Fahri masuk kedalam kamar mandi secara hati-hati sambil melihat kearah Lita yang duduk di sofa agak jauh darinya.
Ia menutup pintu kamar mandi tersebut dan segera mengambil Hp miliknya yang ada di saku celananya saat ini.
Ia menekan nomor David, tidak perlu menunggu lebih lama. Panggilan itu langsung tersambung seketika.
“Ada apa kau meneleponku?” terdengar nada tidak suka dari David terhadapnya.
“Aku ingin mengatakan sesuatu, tidak perlu diriku untuk basa-basi. Aku hanya minta tolong kau ceramahi adikmu Tahlia, bisa-bisanya dia marah-marah dengan istriku dan menuduh dirinya menyembunyikan Rey. Bukan itu saja dia mengatakan kata-kata tidak enak pada istriku. Aku tidak terima dengan itu meskipun dia adik Lita juga” jelas fahri, mengungkapkan ketidakterimaan dirinya karena istrinya telah di marahi oleh Thalia tanpa sebab yang jelas.
“kau bicara apa? Kenapa Thalia bisa marah dengan Lita.”
“Entahlah aku tidak tahu, kamu sebagai kakak tertua darinya tolong beritahu dia. Bagaimanapun Lita kakaknya, tidak pantas dia mengatakan hal seperti itu pada istriku” ucap Fahri.
“Anak itu, dia sudah gila atau apa. Kemarin juga memaki Naya sekarang Lita” gumam David dari seberang sana dan itu bisa didengar oleh Fahri.

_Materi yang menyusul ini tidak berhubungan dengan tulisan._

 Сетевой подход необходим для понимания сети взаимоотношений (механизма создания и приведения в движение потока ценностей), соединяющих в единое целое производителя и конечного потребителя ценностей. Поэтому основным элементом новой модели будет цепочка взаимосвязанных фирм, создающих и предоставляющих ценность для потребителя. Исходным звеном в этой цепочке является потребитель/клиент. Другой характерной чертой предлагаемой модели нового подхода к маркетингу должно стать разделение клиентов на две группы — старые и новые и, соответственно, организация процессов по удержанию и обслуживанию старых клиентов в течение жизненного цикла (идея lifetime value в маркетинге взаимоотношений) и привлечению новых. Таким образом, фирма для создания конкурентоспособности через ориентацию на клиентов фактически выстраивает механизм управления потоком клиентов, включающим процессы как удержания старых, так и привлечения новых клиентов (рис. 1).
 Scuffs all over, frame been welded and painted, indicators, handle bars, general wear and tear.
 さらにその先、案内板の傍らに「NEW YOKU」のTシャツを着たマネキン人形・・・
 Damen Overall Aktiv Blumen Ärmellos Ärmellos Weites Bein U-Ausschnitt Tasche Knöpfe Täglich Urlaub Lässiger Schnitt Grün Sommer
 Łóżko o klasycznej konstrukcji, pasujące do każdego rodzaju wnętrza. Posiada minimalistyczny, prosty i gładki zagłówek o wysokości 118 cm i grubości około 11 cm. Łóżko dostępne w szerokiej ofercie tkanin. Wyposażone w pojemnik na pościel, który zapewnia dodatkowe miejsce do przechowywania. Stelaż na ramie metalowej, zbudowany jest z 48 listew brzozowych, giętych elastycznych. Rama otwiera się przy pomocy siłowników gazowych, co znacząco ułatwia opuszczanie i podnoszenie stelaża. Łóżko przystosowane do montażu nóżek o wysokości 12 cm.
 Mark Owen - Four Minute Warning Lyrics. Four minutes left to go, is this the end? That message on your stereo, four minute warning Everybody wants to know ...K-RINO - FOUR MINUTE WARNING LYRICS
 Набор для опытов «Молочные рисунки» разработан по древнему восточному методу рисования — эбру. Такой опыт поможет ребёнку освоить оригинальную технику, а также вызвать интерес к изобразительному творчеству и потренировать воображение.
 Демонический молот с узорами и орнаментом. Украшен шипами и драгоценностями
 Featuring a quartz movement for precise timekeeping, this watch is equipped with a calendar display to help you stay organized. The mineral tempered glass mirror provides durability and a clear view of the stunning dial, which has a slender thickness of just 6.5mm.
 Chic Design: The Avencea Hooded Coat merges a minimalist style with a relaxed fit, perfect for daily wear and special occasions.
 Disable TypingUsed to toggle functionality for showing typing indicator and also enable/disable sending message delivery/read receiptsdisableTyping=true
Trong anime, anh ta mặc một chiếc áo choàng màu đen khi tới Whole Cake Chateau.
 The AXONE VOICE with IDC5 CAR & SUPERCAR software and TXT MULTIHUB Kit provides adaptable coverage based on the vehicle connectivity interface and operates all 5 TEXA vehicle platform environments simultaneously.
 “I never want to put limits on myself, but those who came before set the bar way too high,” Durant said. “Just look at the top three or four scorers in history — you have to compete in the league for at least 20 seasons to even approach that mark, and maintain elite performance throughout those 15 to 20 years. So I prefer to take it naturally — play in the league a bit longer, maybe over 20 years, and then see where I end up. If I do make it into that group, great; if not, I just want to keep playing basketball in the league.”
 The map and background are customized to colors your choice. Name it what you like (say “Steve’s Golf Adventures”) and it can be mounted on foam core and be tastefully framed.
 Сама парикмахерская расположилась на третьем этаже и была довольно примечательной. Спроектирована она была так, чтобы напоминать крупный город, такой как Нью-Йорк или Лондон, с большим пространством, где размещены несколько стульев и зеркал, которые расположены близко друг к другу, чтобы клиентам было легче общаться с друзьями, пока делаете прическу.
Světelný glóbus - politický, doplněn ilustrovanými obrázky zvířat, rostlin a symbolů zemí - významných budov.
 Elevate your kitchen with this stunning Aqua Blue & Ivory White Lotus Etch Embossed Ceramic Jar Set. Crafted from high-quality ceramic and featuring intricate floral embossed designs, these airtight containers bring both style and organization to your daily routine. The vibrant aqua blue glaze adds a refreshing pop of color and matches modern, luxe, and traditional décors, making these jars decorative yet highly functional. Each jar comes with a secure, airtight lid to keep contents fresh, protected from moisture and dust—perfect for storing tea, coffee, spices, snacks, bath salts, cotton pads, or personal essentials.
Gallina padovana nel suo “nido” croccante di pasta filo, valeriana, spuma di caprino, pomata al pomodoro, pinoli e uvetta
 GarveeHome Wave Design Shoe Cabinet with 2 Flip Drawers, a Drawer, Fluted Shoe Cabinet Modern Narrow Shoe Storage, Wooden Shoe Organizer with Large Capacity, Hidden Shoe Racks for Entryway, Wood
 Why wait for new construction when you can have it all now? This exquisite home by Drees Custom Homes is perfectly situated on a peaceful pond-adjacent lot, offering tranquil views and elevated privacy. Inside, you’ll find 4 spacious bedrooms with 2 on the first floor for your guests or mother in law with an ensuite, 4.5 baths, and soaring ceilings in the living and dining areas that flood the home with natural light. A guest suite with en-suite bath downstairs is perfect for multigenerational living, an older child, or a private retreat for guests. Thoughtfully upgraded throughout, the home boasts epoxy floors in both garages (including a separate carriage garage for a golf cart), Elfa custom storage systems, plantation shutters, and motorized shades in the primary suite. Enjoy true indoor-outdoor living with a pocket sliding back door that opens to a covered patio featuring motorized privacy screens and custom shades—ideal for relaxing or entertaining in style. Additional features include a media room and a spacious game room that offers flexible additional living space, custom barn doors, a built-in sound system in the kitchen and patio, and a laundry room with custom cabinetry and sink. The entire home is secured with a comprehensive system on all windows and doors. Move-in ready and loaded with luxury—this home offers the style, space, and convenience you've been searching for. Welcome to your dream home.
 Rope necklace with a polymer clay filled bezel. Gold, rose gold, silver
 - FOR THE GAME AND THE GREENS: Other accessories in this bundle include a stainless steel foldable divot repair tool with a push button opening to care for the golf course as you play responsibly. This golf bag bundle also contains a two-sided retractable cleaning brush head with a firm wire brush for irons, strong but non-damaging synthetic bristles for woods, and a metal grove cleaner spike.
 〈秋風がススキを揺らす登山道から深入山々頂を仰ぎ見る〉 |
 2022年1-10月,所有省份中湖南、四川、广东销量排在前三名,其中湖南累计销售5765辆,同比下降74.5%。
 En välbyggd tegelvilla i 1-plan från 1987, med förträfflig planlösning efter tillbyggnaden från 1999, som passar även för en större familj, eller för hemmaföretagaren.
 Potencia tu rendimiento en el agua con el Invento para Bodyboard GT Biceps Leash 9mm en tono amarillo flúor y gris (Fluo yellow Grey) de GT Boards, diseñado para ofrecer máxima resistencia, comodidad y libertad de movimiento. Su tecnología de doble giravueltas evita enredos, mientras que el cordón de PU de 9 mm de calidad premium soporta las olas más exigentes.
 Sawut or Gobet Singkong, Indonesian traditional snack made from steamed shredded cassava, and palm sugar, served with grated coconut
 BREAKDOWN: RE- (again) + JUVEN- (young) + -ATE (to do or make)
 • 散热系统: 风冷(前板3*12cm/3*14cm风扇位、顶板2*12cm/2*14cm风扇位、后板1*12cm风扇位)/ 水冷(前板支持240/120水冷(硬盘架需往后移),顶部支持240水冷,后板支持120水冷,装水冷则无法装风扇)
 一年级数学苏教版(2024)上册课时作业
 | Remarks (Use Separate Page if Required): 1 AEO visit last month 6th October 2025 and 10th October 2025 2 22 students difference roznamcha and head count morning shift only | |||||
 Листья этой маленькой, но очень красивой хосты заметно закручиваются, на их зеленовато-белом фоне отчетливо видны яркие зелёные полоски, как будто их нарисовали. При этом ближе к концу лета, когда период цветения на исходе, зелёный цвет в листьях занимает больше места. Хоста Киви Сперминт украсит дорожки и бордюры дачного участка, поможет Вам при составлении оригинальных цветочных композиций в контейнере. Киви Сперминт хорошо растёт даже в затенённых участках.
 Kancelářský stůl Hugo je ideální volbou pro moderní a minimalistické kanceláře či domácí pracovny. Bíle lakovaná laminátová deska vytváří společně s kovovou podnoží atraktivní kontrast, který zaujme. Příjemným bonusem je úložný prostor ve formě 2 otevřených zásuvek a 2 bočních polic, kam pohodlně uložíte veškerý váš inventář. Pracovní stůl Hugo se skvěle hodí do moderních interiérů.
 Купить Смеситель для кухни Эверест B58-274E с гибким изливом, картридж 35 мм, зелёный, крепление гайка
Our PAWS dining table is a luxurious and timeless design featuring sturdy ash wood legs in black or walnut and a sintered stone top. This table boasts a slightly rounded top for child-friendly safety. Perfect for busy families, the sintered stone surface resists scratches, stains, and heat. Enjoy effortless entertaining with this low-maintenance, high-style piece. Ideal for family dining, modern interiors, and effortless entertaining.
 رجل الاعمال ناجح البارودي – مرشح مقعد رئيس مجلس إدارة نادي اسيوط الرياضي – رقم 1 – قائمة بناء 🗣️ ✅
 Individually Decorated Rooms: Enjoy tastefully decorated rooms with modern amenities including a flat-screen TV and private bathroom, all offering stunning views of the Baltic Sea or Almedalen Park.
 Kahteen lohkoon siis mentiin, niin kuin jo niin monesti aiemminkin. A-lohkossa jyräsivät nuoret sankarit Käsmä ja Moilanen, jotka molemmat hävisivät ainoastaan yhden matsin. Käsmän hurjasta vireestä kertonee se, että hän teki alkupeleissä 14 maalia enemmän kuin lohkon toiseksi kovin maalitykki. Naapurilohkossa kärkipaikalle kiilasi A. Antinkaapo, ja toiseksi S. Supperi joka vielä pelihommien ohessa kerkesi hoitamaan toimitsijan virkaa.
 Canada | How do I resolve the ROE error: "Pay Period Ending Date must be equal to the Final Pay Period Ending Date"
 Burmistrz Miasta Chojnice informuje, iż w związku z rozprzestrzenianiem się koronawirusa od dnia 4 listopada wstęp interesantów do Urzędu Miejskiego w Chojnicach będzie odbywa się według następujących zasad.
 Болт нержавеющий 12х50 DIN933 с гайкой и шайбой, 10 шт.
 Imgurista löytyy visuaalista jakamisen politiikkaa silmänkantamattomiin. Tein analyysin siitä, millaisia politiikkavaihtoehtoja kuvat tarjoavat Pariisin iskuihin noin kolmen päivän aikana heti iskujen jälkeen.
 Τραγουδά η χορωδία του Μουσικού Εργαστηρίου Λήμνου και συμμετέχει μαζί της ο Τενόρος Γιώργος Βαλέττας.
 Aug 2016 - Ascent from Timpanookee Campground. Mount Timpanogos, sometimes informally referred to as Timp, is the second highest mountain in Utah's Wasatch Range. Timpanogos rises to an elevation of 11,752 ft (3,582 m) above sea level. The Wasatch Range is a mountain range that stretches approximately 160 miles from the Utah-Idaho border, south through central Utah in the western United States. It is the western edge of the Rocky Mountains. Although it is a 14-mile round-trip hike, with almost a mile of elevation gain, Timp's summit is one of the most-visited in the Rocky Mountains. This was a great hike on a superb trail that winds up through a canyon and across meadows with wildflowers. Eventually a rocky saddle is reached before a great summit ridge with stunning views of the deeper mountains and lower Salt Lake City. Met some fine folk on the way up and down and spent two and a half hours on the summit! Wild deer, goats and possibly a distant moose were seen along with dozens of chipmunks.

“Kalau begitu sudah dulu kak, hanya itu yang ingin ku katakan. Maaf mengganggu liburanmu. Dan tolong lain kali ramah sedikit denganku, aku bukan Fahri yang dulu” tukas Fajri dan langsung mematikan panggilannya. Bukannya dia tidak sopan dengan kakak iparnya tapi agar kakak iparnya itu berpikir kalau perbuatannya telah salah padanya.
Fahri langsung kembali memasukkan Hp miliknya kedalam saku celana dan dia keluar dari kamar mandi menemui istrinya yang sudah menunggu dirinya.